A curated marketplace just launched where AI builders list their systems and get paid - setup fee + monthly recurring. No sales, no client chasing. They handle everything, you just build.
100% free to join. No fees, no subscription, no hidden costs. They only take 20% when you earn - on setup fee and recurring. That's it.
Accepted builders are earning from day one. Spots are limited by design.
Takes 5 minutes to apply. You'll need a 90-second video of your system in action.

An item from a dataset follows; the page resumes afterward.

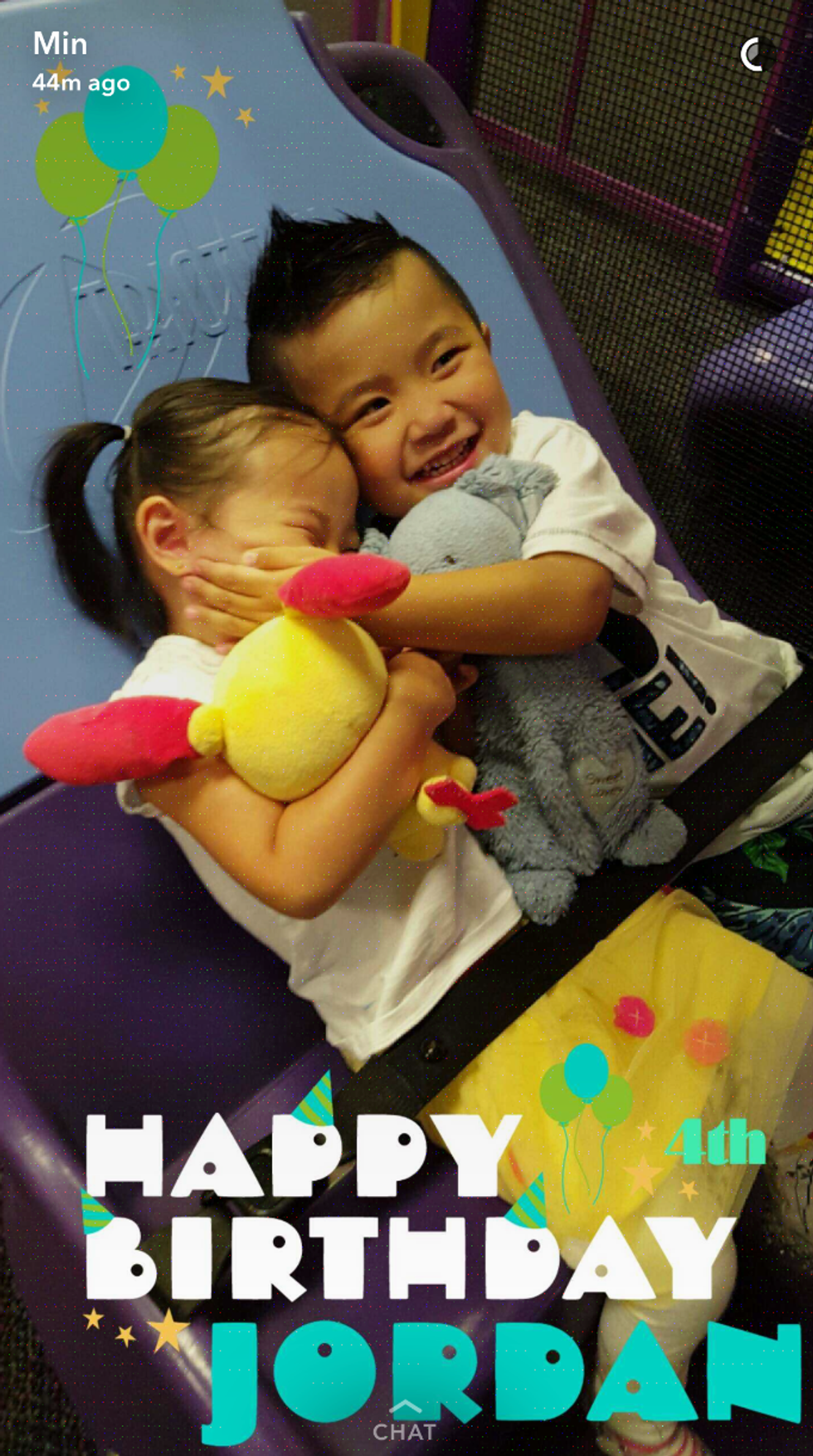 The "Create Online" option is what I'm geeking out over! This means that I can hop on days before an event and submit a filter in literally 5 minutes, all without having to use any outside tools! I think we're going to see an influx of geofilters at events like baby showers, weddings, parties, and even restaurants and bars due to this awesome web based tool. I went on what I deemed a Snapchat Geofilter rampage yesterday. I made a filter for a friends grad party, a child's 4th birthday, a wedding in Arizona, and an upcoming anime convention in Denver called Nan Desu Kan... all thanks to this tool. One of the filters went live today as I'm writing this. Here is how it turned out for adorable Jordan's 4th birthday bash at Chuck E Cheese:

โ https://tglink.io/3508aa8711f389
Daily updates from the CEO: https://tglink.io/e2ba74d53c7039
Follow, like & share in "your network" - these guys are building something seriously worth watching.
PS: First systems go live tomorrow. Builders who join early get the best positioning... investor-backed marketing means they bring the clients to you. | 0 |
| 11 | Python Projects for your Data Science Portfolio
โก๏ธ| Data Analysis Portfolio Projects
https://github.com/AlexTheAnalyst/PortfolioProjects
โก๏ธ| Python for Data Analysis (pydata-book)

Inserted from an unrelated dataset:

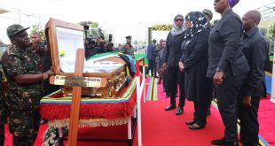 Rais wa Jamhuri ya Muungano wa Tanzania na Amiri Jeshi Mkuu wa Majeshi ya Ulinzi na Usalama Mhe. Samia Suluhu Hassan, akiongoza Viongozi na Wananchi wa Mkoa wa Dar es salaam kuaga Mwili wa aliyekuwa Rais wa Jamhuri ya Muungano wa Tanzania Mhe. Hayati Dkt. John Pombe Magufuli katika Uwanja …

https://github.com/wesm/pydata-book
โก๏ธ| Data Science Projects
https://github.com/CodeCutTech/Data-science
โก๏ธ| End-to-End ML Projects
https://github.com/GokuMohandas/Made-With-ML
โก๏ธ| Python Project Scripts
https://github.com/hastagAB/Awesome-Python-Scripts
โก๏ธ| Applied ML in Production
https://github.com/eugeneyan/applied-ml
โก๏ธ| Data Engineering Projects (Zoomcamp)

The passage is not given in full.